#### [TASK REQUIREMENTS]
Your reply should be the entries, output word for word, with each picture omitted.

[Extracted data entries]
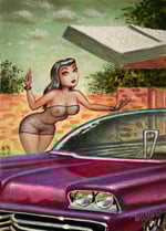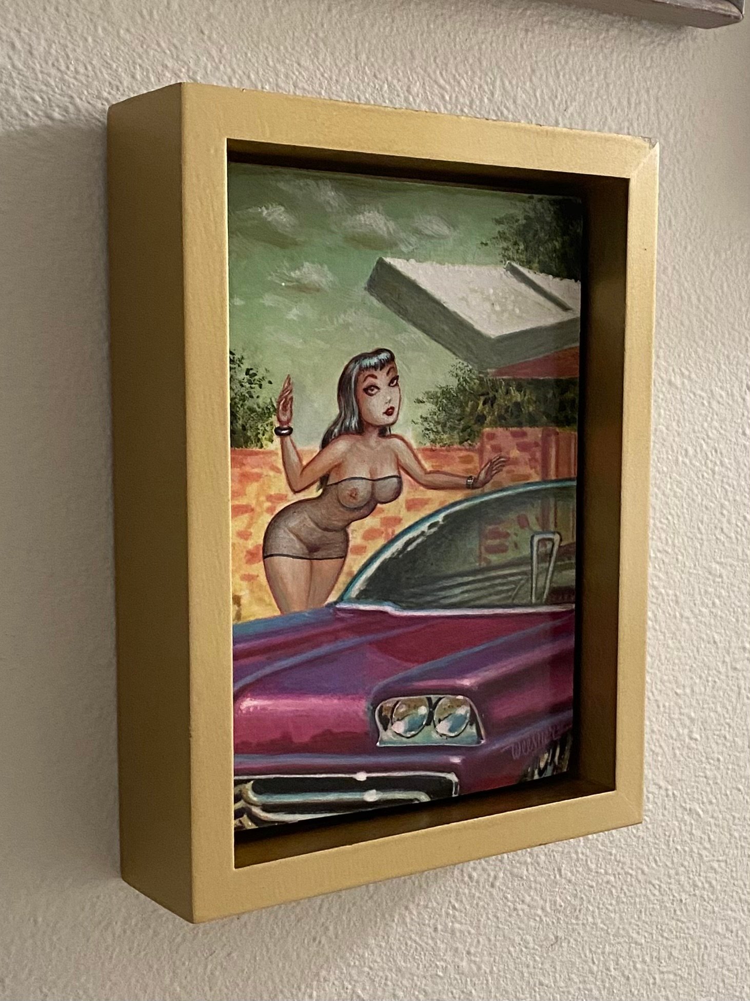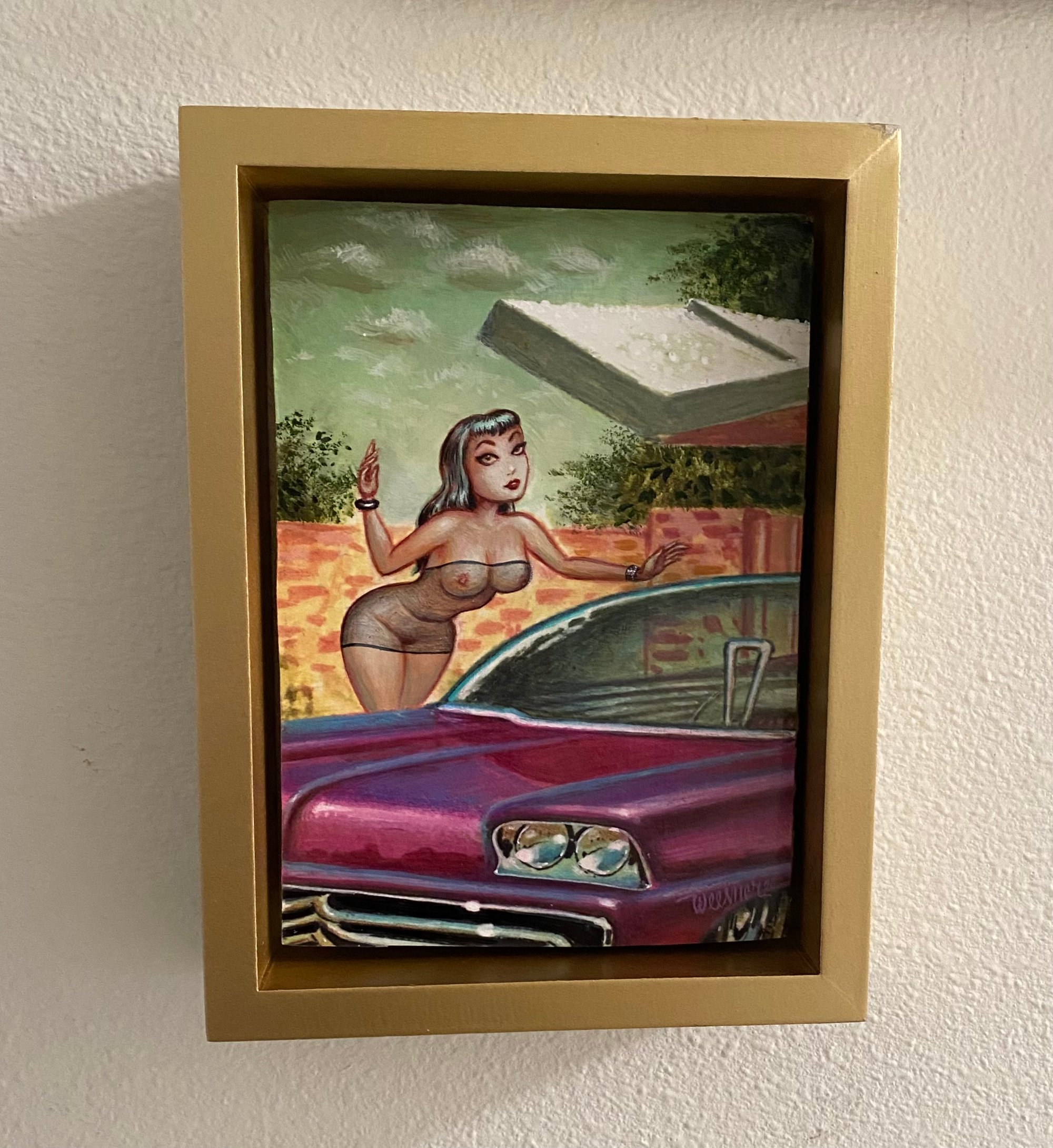 5”x7” acrylic on mounted section of litho print, 75% painted over (new figure, sky, trees, etc. details and color on car) floated in gold frame, ready to hang
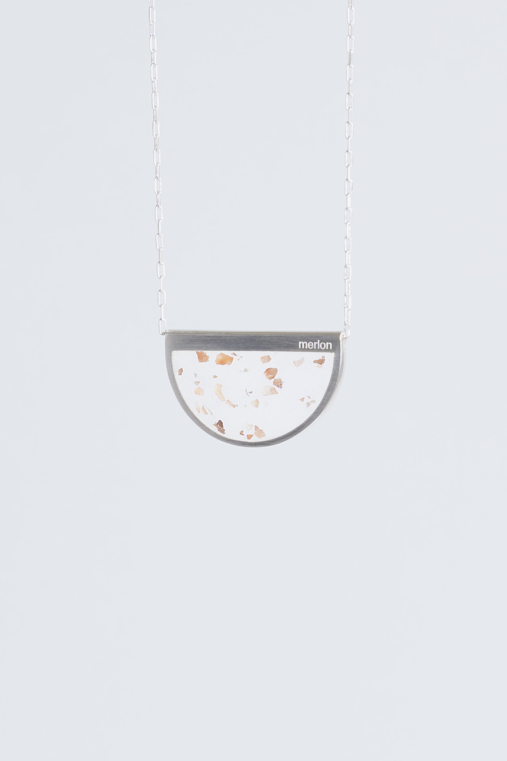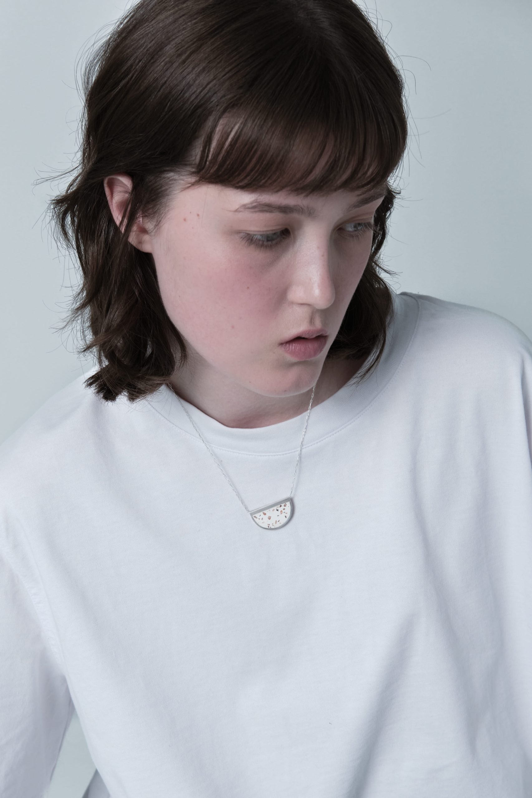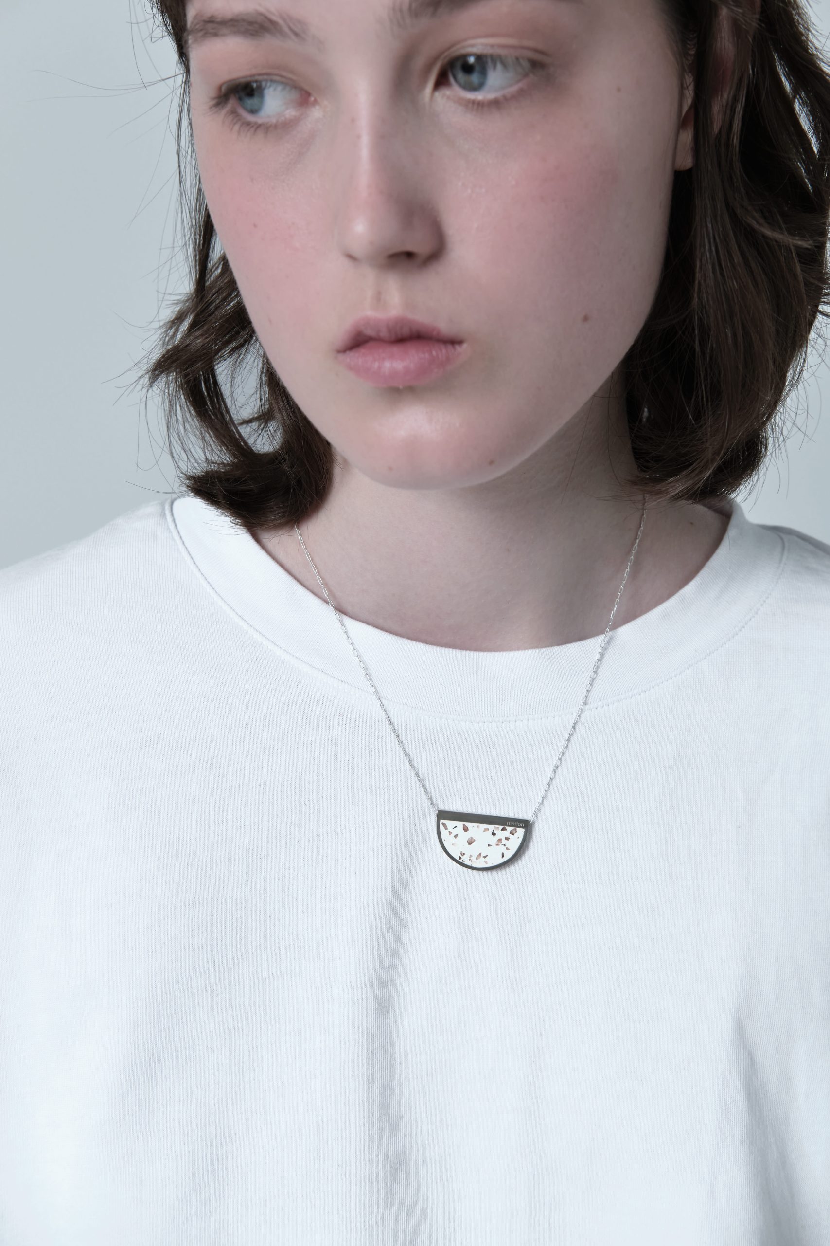 Its curved body feels like a fragment removed from a larger architectural surface. Exedra brings together the inward lines of architecture with a suspended, wearable detail, capturing the balance between structure and space.
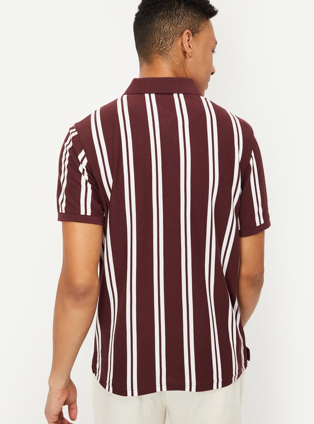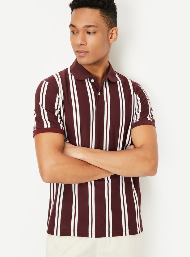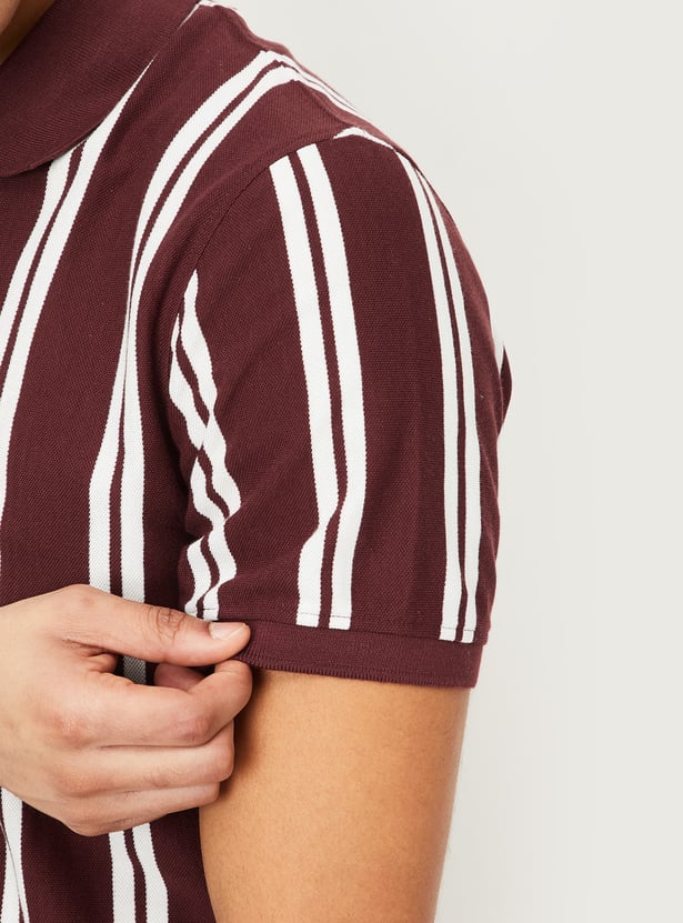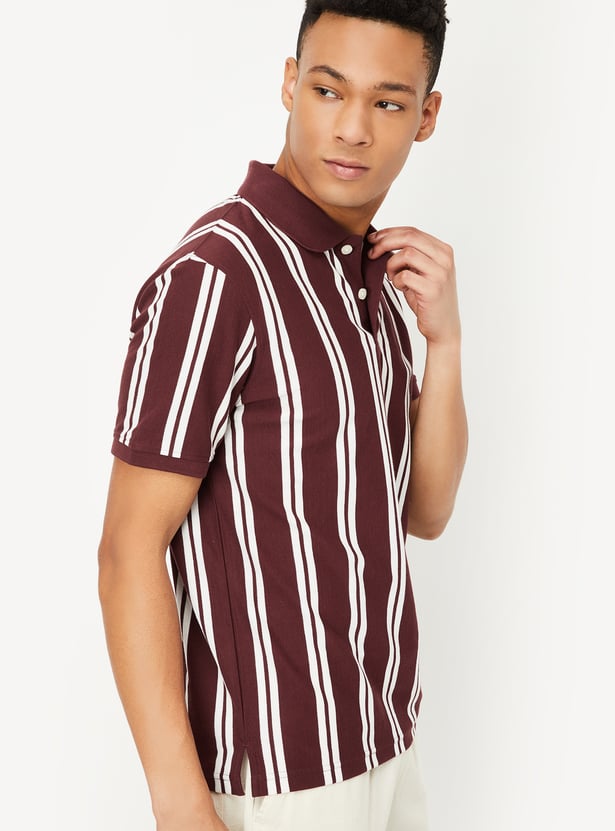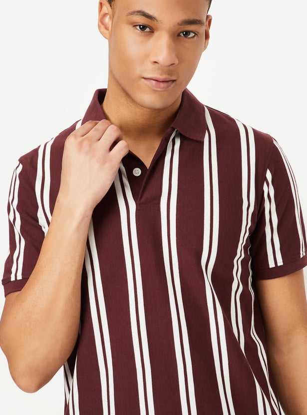 This striped polo T-shirt brings the perfect mix of classic and modern style. With a half button placket, polo collar, and half sleeves, it's a versatile piece for any casual outing.
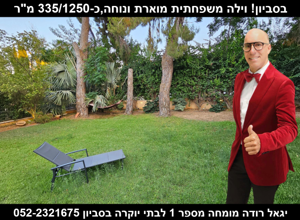 רוצה לגור בסביון ולהתחיל ככה את הבוקר? בסביון! וילה משפחתית, מסודרת ונוחה,סלון OPEN-SPACE הפונה למדשאה מוקפת עצים בוגרים,פינת אוכל משפחתית +פינת אוכל לאירוח,חדר משפחה+קמין, החדרים מרווחים,סוויטת הורים XL,איזורי הצללה ואירוח. לפרטים נוספים ולסיור אישי:יגאל רודה אוהב את העבודה לשירותך,מומחה מספר 1 בסביון,הסיכוי הגבוה ביותר עבורך לביצוע עיסקה 052-2321675
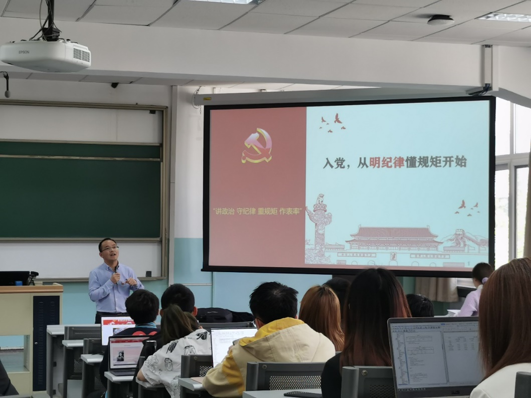 2021-04-30 文:黄色漫画 图:黄色漫画2021年4月28日下午两点,社会与人口学院第23期党校入党积极分子培训班第三次课在求是楼0224教室顺利进行。本次党课的主讲人是学院纪检委员巫锡炜老师,党课主题是“入党,从明纪律懂规矩开始”。
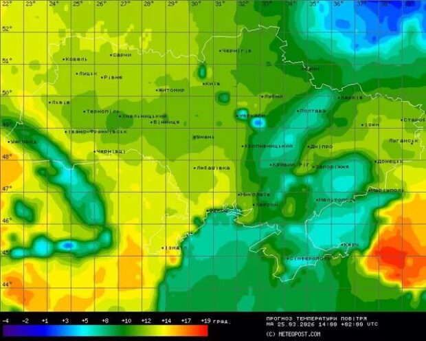 26 березня потепління посилиться. Небо залишатиметься хмарним із проясненнями, а суттєвих опадів не передбачається.

#### [SOLUTION FOR THIS EXERCISE]
 5”x7” acrylic on mounted section of litho print, 75% painted over (new figure, sky, trees, etc. details and color on car) floated in gold frame, ready to hang
 Its curved body feels like a fragment removed from a larger architectural surface. Exedra brings together the inward lines of architecture with a suspended, wearable detail, capturing the balance between structure and space.
 This striped polo T-shirt brings the perfect mix of classic and modern style. With a half button placket, polo collar, and half sleeves, it's a versatile piece for any casual outing.
 רוצה לגור בסביון ולהתחיל ככה את הבוקר? בסביון! וילה משפחתית, מסודרת ונוחה,סלון OPEN-SPACE הפונה למדשאה מוקפת עצים בוגרים,פינת אוכל משפחתית +פינת אוכל לאירוח,חדר משפחה+קמין, החדרים מרווחים,סוויטת הורים XL,איזורי הצללה ואירוח. לפרטים נוספים ולסיור אישי:יגאל רודה אוהב את העבודה לשירותך,מומחה מספר 1 בסביון,הסיכוי הגבוה ביותר עבורך לביצוע עיסקה 052-2321675
 2021-04-30 文:黄色漫画 图:黄色漫画2021年4月28日下午两点,社会与人口学院第23期党校入党积极分子培训班第三次课在求是楼0224教室顺利进行。本次党课的主讲人是学院纪检委员巫锡炜老师,党课主题是“入党,从明纪律懂规矩开始”。
 26 березня потепління посилиться. Небо залишатиметься хмарним із проясненнями, а суттєвих опадів не передбачається.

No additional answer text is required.